There’s enough elsewhere in the other chapters about what’s not going well, how more people are being left behind, how attitudes are polarising, how the media can be too influential and so on.  Having spent three-quarters of my life under a Tory government, bemoaning the lost opportunities and the unfairness of it all, rarely being pleasantly surprised when they did something that felt sensible or egalitarian, the fact, however, remains that I’m still so, so glad I live in a Tory Britain compared to the nightmare of living in some other parts of the world.  Imagine being in a Chinese region under the brutal thumb of Beijing’s communist doctrine, or in a developing African or Asian nation in the hands of a corrupt bully-boy dictator, or sadly these days in the USA with its head-in-the-sand dangerous mix of religion, racism and out-dated patriotism.

 

If the answers don’t lie within the current Conservative philosophies, then where else do we turn?  Let’s immediately discard state-controlled communism.  Who wants to live in a country where there’s no choice, no freedom and the direction of everyone’s life is in the hands of party officials?  And, at the other extreme, let’s rule out the neo-liberal, anything goes, approach that’s making such headway, championed by those silicon-valley zillionaires, Bezos, Musk, Gutenberg and Page and their all controlling organisations Amazon, PayPal-Tesla-Twitter+, Facebook and Google.  Their view of winner takes all and their anti-regulation stance is almost as scary as full-blown state-control.

 

Where’s the sensible middle-ground?  Slide a little too far to the right and you end up drifting past some of the benefits of Tory paternalism and end up in the market-driven doctrine of the current crop of conservatives where there are more losers than winners.  Slide a little too far to the left and over-enthusiastic socialist idealism with its dreamy-eyed town council advocates, over-powerful union barons, and disenchanted big business, and the opportunities for the growth and enterprise that ultimately funds it all are blunted.

 

So we’ve got to carefully pick a social democratic path through the maze that defines the centre ground, choose the best ideas and policies from just to the left, or just to the right, and wrap them up with all the good things about our nation and its people.  Easy.  The harder part will be selling it to those who might see a weakening in their power base, or a dilution in their wealth, especially if some of the more influential media take a confrontational stance.

 

There’s no harm in trying.
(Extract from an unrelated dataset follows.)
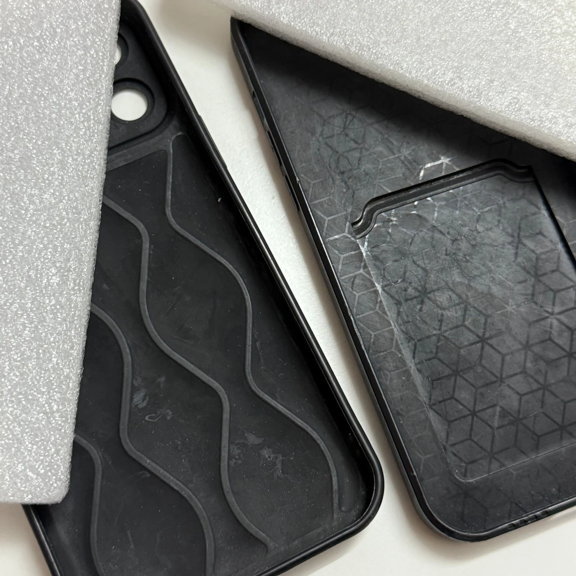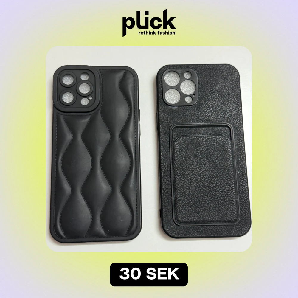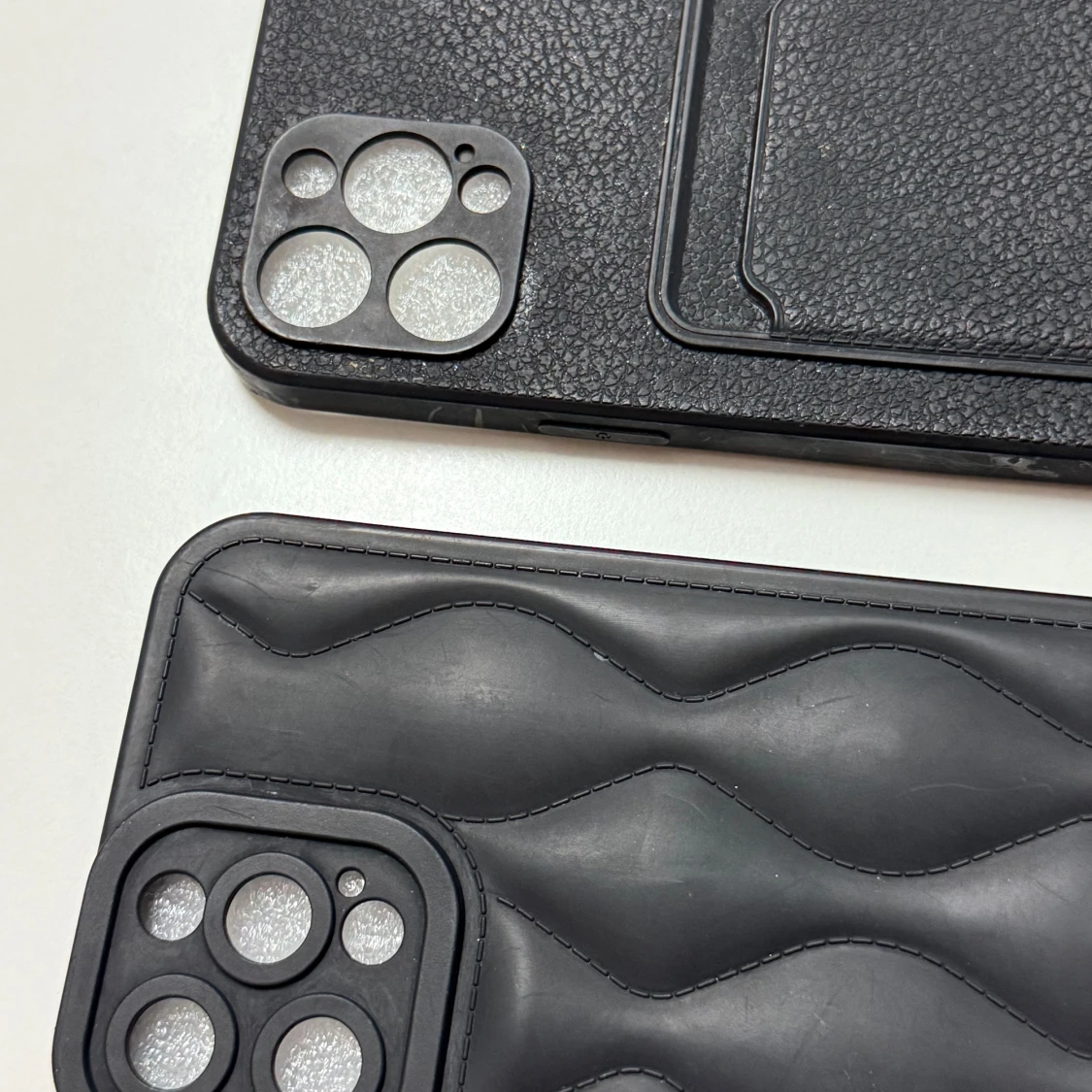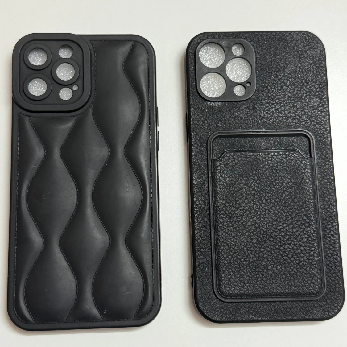 Två stiliga svarta mobilskal med olika texturer. Ett har en vågig quiltad design medan det andra har en slät yta med ett kortfack. Perfekt för att skydda din telefon med stil! Passar för iPhone 12 PRO Max.

So Manifesto might just take a stab at suggesting a new direction, a blend of ideas, some established, some new, most costed, some blue sky, that will cover the journey of a citizen from cradle to grave.  Wellbeing and opportunity policies for childhood, education, welfare, employment, defence, environment, health, old-age and the rest.  Defensive barriers against obvious physical hostile threats and protective measures against more nebulous creeping takeovers and influences.  Energy, the environment, trade, business and foreign relations all need to need to be intertwined in a coherent plan that people can buy into.

 

A plan that appeals to the compassion we know lies in the British people.

 

A plan that is radical without being revolutionary.  We can cope with sensible radicalism in this country but we don’t do revolutions unless of the agricultural, industrial or musical kind.

 

A plan that’s ambitious.  There’s no point taking little steps and as a nation we like a challenge.

 

A plan that’s patriotic.  We love our history and we champion our diversity without always realising it.

 

If we can find the plans and appropriate policies that deliver an affordable middle path, and are accepted as fair and forward thinking by the electorate, then maybe the two-party confrontational stalemate that’s existed for too long might just be shaken up.

 

Maybe Manifesto, if it ever appears in print, could become the policy blueprint for a new party.  One that blends Compassion, Radicalism, Ambition and Patriotism together.   Probably a crap idea but it might be fun to try.

 

It’s already on the drawing board and should be out in time for the next general election.   Whether anyone cares to read it will be another matter entirely.